§ **Work task**:
Please transcribe the lines below exactly, and leave every image behind.

§ **Data**:
------------------------

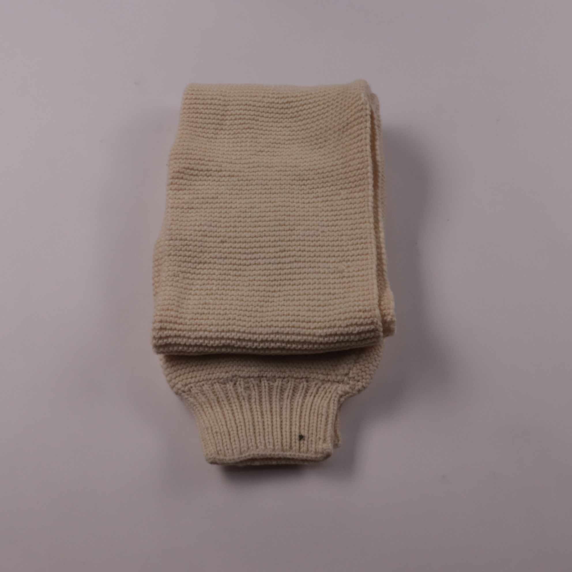 Трикотажные гетры бежевого цвета без видимого бренда. Подойдут для прохладной погоды и занятий спортом или танцами, легко надеваются поверх носков и обуви. Плотная вязка хорошо держит форму и сохраняет тепло.
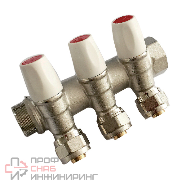 Коллектор со встроенными регулировочными вентилями распределяет рабочую жидкость по потребителям, а также имеет возможность отключения каждого из них и позволяет регулировать расход воды для каждого потребителя в отдельности.
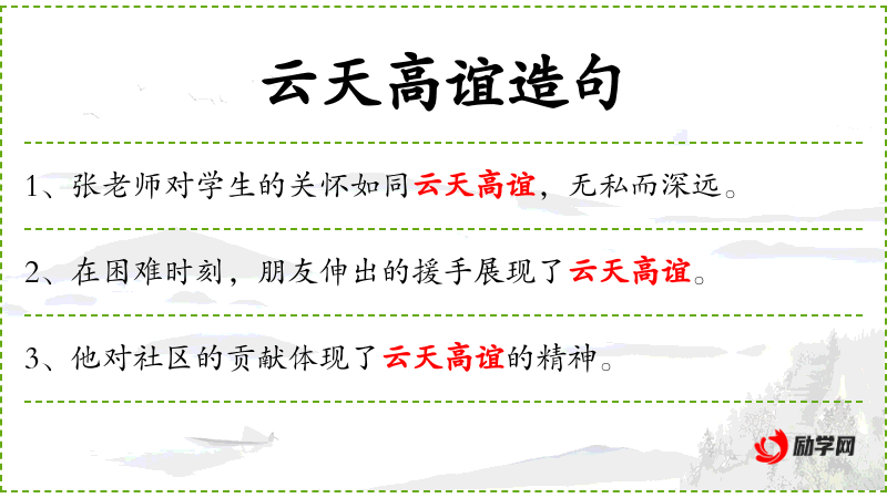 - 云天高谊的期望总是充盈在长辈对晚辈的教育中。
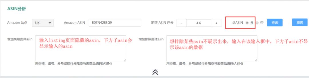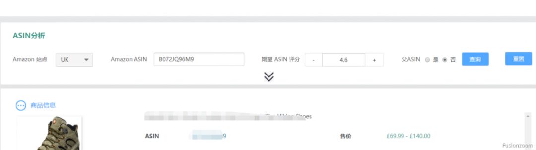 选择需要分析Asin的站点、Asin期望评分,以及是分析该Asin父评分还是子评分。设置完毕,一键“查询”,则会自动对Asin进行爬取分析。

------------------------

§ **The answer**:
 Трикотажные гетры бежевого цвета без видимого бренда. Подойдут для прохладной погоды и занятий спортом или танцами, легко надеваются поверх носков и обуви. Плотная вязка хорошо держит форму и сохраняет тепло.
 Коллектор со встроенными регулировочными вентилями распределяет рабочую жидкость по потребителям, а также имеет возможность отключения каждого из них и позволяет регулировать расход воды для каждого потребителя в отдельности.
 - 云天高谊的期望总是充盈在长辈对晚辈的教育中。
 选择需要分析Asin的站点、Asin期望评分,以及是分析该Asin父评分还是子评分。设置完毕,一键“查询”,则会自动对Asin进行爬取分析。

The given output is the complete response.